No pictures belong in the copy. Reproduce exactly the lines beginning at the line containing "Vejo CSWC como" and continuing to the end of the entries below.

──────── Supplied records

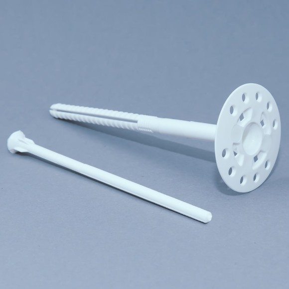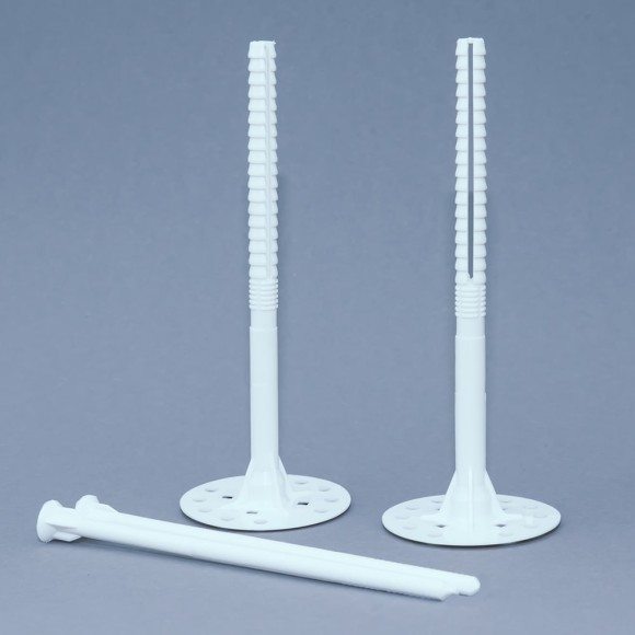 Kołki do styropianu z trzpieniem plastikowym i z długą strefą rozporu. Do mocowania styropianu do gazobetonu, cegły dziurawki, pustaków typu Porotherm, cegły kraówki, pustaków silikatowych z otworami. Łączniki tworzywowe, wbijane, do mocowania warstwy izolacyjnej ociepleń ścian zewnętrznych ETICS wykonanej z płyt styropianowych lub płyt z wełny mineralnej.
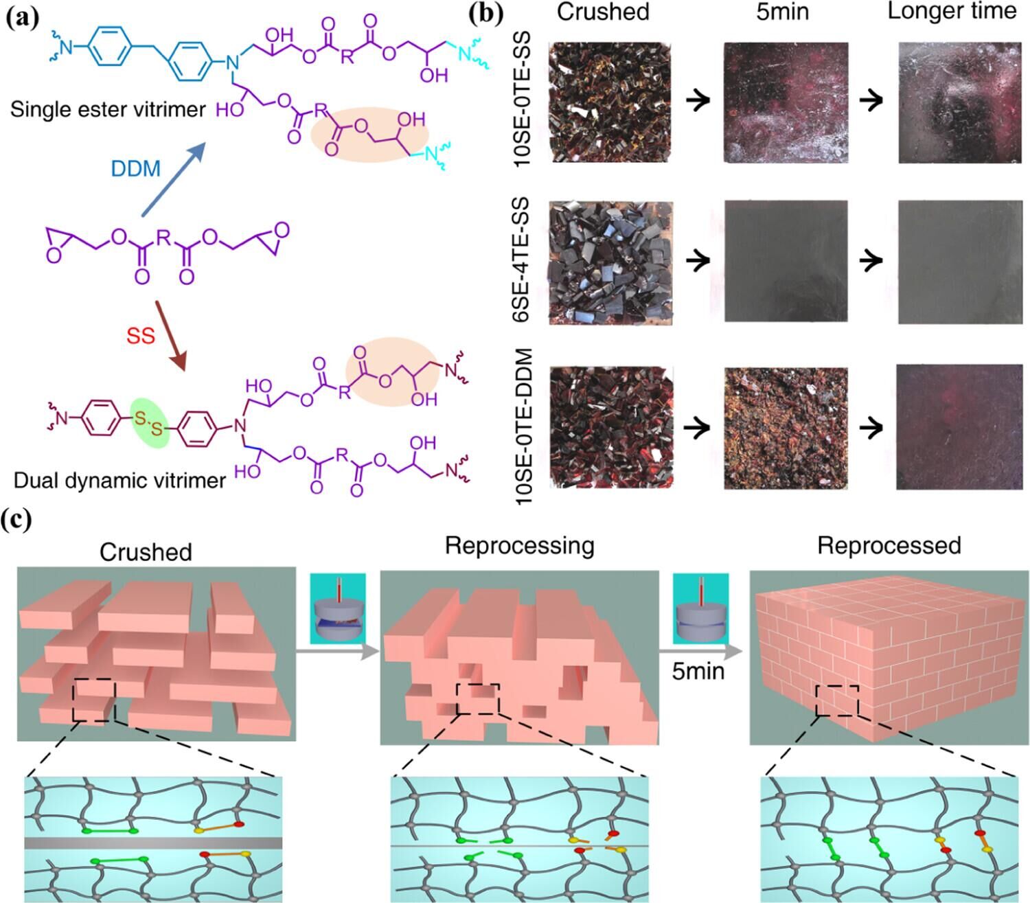 传统的热固性材料如环氧树脂和橡胶等在生活中应用广泛,但它们破坏后无法循环使用,造成环境污染和资源浪费。该材料可通过调节芳香族和脂肪族单体的比例来实现橡胶态和玻璃态的转变,在高温条件下5分钟内快速再次成型和回收,为热固性塑料的快速回收及再生利用提供了思路。
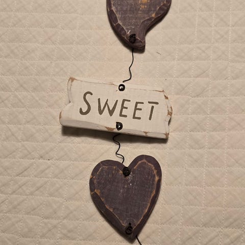 Puinen sydänmallinen koriste esine, muoviprisma ja juuttinaru. Hyvä kuntoinen. Nouto Malminkartano (Helsinki) tai postitus postimaksua vastaan.
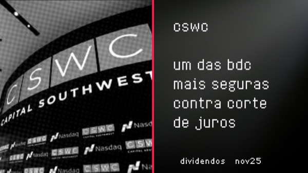 Vejo CSWC como a BDC mais bem posicionada para evitar corte de dividendos, graças a baixa alavancagem, liquidez robusta, maturities de dívida bem escalonadas e equity investments que dão flexibilidade contra cortes de juros.
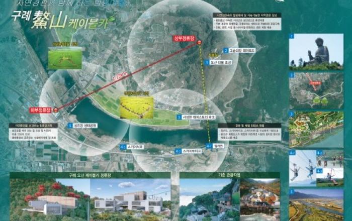 전남 구례군은 문척면 오산권역에 오산케이블카를 비롯한 2천억 원 규모의 민·관 합작 관광 프로젝트를 추진한다.군은 28일 대원플러스그룹과 구례 오산케이블카 설치사업 실시협약을 체결했다.군은 지난달 18일 구례 오산케이블카 설치사업 민간사업자 선정 심의위원회로 개최해 대
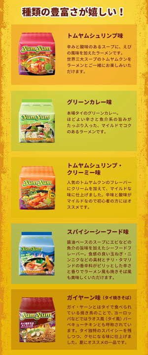 YumYum インスタントヌードル トムヤムシュリンプ味 5P×3袋 : よろずやマルシェYahoo!ショッピング店 - 通販 -Yahoo!ショッピング。
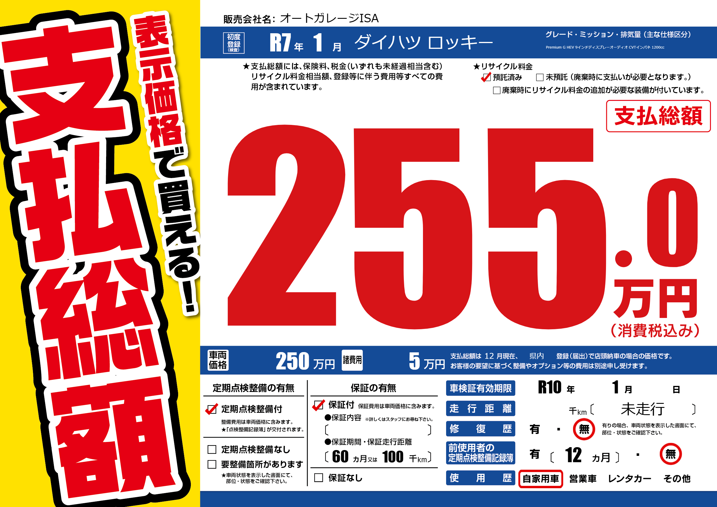 | 車検制限 | R10年 1月 - 日 | ||
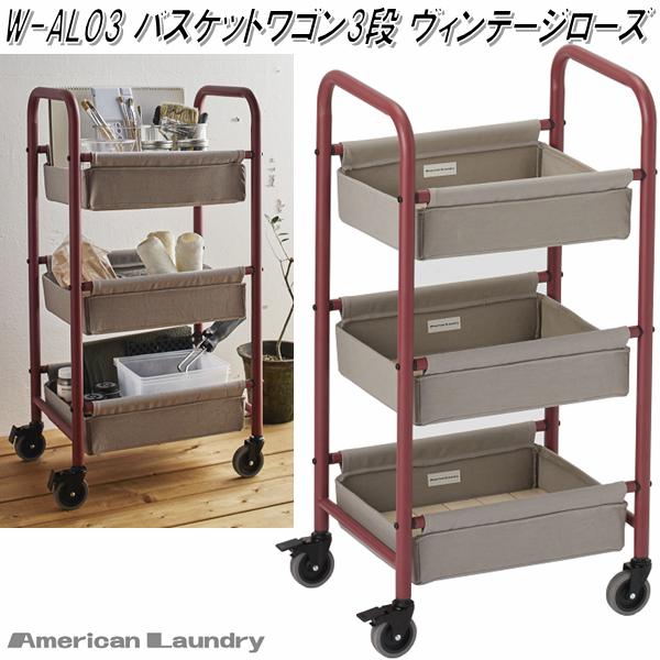 ■フクダクラフト W-AL03 バスケットワゴン 3段 ヴィンテージローズ

────────────────

Problem solution:
 Vejo CSWC como a BDC mais bem posicionada para evitar corte de dividendos, graças a baixa alavancagem, liquidez robusta, maturities de dívida bem escalonadas e equity investments que dão flexibilidade contra cortes de juros.
 전남 구례군은 문척면 오산권역에 오산케이블카를 비롯한 2천억 원 규모의 민·관 합작 관광 프로젝트를 추진한다.군은 28일 대원플러스그룹과 구례 오산케이블카 설치사업 실시협약을 체결했다.군은 지난달 18일 구례 오산케이블카 설치사업 민간사업자 선정 심의위원회로 개최해 대
 YumYum インスタントヌードル トムヤムシュリンプ味 5P×3袋 : よろずやマルシェYahoo!ショッピング店 - 通販 -Yahoo!ショッピング。
 | 車検制限 | R10年 1月 - 日 | ||
 ■フクダクラフト W-AL03 バスケットワゴン 3段 ヴィンテージローズ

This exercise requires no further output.